▶ SUPPLIED INFORMATION

******

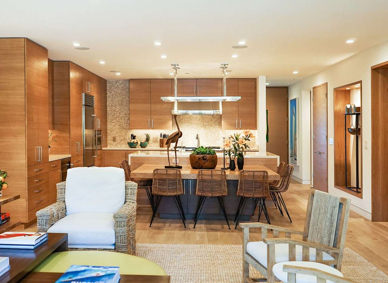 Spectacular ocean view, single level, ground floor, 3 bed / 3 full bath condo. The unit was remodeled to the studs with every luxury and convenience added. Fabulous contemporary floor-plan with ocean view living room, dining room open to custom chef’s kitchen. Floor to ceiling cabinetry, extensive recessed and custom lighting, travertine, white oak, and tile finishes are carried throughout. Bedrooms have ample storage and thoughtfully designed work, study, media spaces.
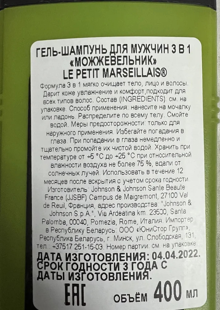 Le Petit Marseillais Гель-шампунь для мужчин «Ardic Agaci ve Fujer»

******

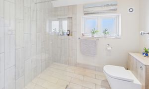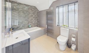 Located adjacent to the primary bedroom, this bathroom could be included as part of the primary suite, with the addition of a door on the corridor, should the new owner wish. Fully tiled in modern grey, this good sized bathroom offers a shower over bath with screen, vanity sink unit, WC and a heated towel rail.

******

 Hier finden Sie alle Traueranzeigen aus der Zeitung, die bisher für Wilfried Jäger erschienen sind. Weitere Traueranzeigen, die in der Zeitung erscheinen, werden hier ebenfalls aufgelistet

******

▶ WHAT IS NEEDED
When you reach the line with "Spectacular ocean view, single" in the records above, start writing out each line exactly, and stop after the line with "Le Petit Marseillais". Pictures stay out.

▶ OUTPUT OF THE TASK
 Spectacular ocean view, single level, ground floor, 3 bed / 3 full bath condo. The unit was remodeled to the studs with every luxury and convenience added. Fabulous contemporary floor-plan with ocean view living room, dining room open to custom chef’s kitchen. Floor to ceiling cabinetry, extensive recessed and custom lighting, travertine, white oak, and tile finishes are carried throughout. Bedrooms have ample storage and thoughtfully designed work, study, media spaces.
 Le Petit Marseillais Гель-шампунь для мужчин «Ardic Agaci ve Fujer»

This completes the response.